## [What to produce]
What you give must be the lines from the one containing "以上、HP OmniBook X" through the last line of the listing below, exactly, with nothing else and no pictures.

## [Listed entries]
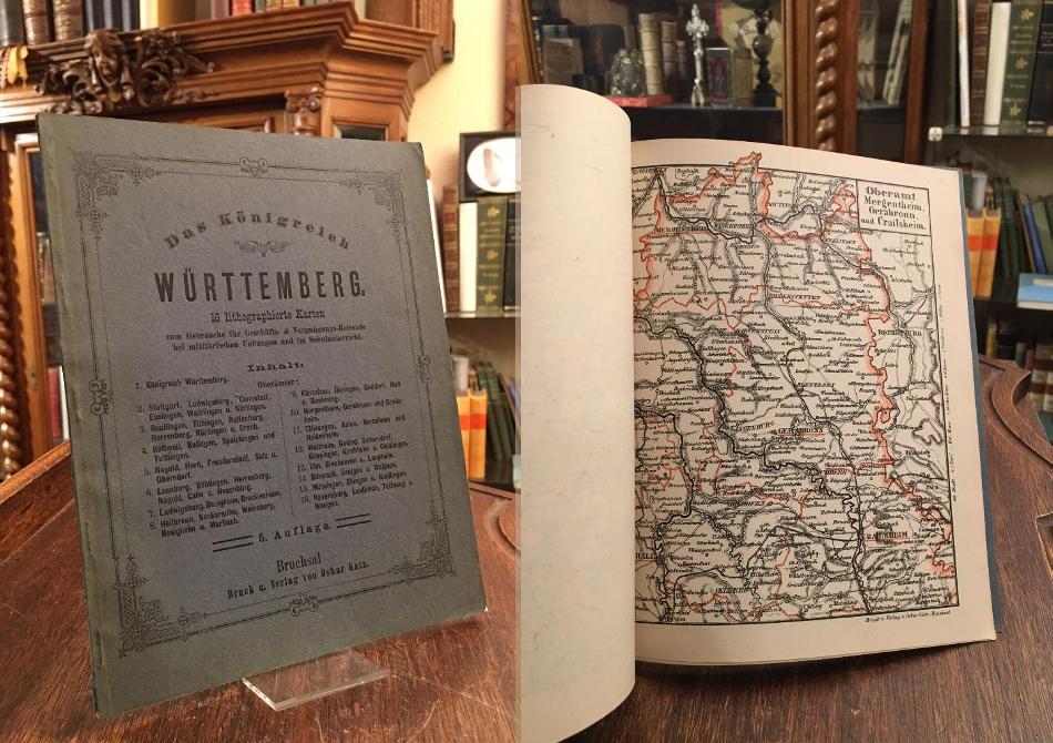 Das Königreich Württemberg : 16 lithographierte Karten zum Gebrauche für Geschäfts- & Vergnügungs-Reisende, bei militärischen Uebungen und im Schulunterricht. 5. Aufl., Bruchsal, Verlag von Oskar Katz, [um 1880]. 8° (23x18), 16 Karten, OKart (Brosch) mit Schmuckrahmen und Inhaltsverzeichnis, Umschlag minimal angestaubt, ohne Gebrauchsspuren, offensichtlich ungenutzt,
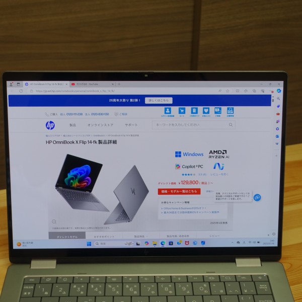 以上、HP OmniBook X Flip 14-fk(AMD)について見てきました。主な特徴は次のとおり。
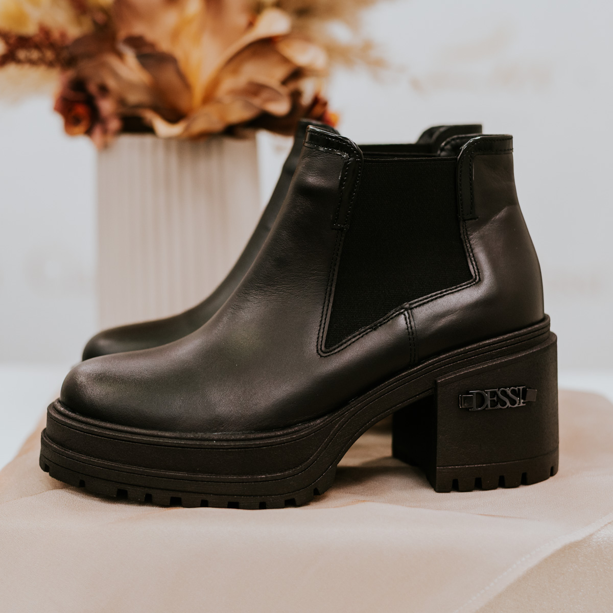 A finoman fénylő, fekete felsőrész időtlen stílust sugároz, miközben a fekete részletek és a vastag, masszív talp erőt és határozottságot adnak megjelenésednek. Az oldalán diszkréten elhelyezett, DESSI díszítés luxusérzetet kölcsönöz — épp annyit, amennyitől a csizma különlegessé válik, mégis tökéletesen hordható marad a mindennapokban.
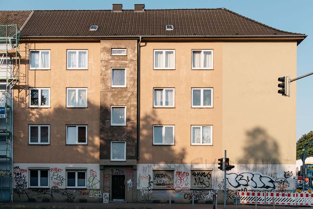 Fassadengestaltung am Haus Treibstraße Ecke Sunderweg.
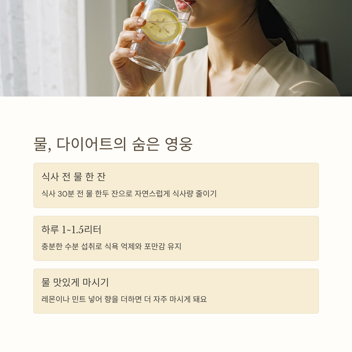 만약 물맛이 밋밋하다면, 레몬 조각이나 민트를 넣어 향을 더해보세요. 맛있는 물은 더 자주 마시게 되니까, 식욕 억제 효과도 더 커질 거예요.

## [Written answer]
 以上、HP OmniBook X Flip 14-fk(AMD)について見てきました。主な特徴は次のとおり。
 A finoman fénylő, fekete felsőrész időtlen stílust sugároz, miközben a fekete részletek és a vastag, masszív talp erőt és határozottságot adnak megjelenésednek. Az oldalán diszkréten elhelyezett, DESSI díszítés luxusérzetet kölcsönöz — épp annyit, amennyitől a csizma különlegessé válik, mégis tökéletesen hordható marad a mindennapokban.
 Fassadengestaltung am Haus Treibstraße Ecke Sunderweg.
 만약 물맛이 밋밋하다면, 레몬 조각이나 민트를 넣어 향을 더해보세요. 맛있는 물은 더 자주 마시게 되니까, 식욕 억제 효과도 더 커질 거예요.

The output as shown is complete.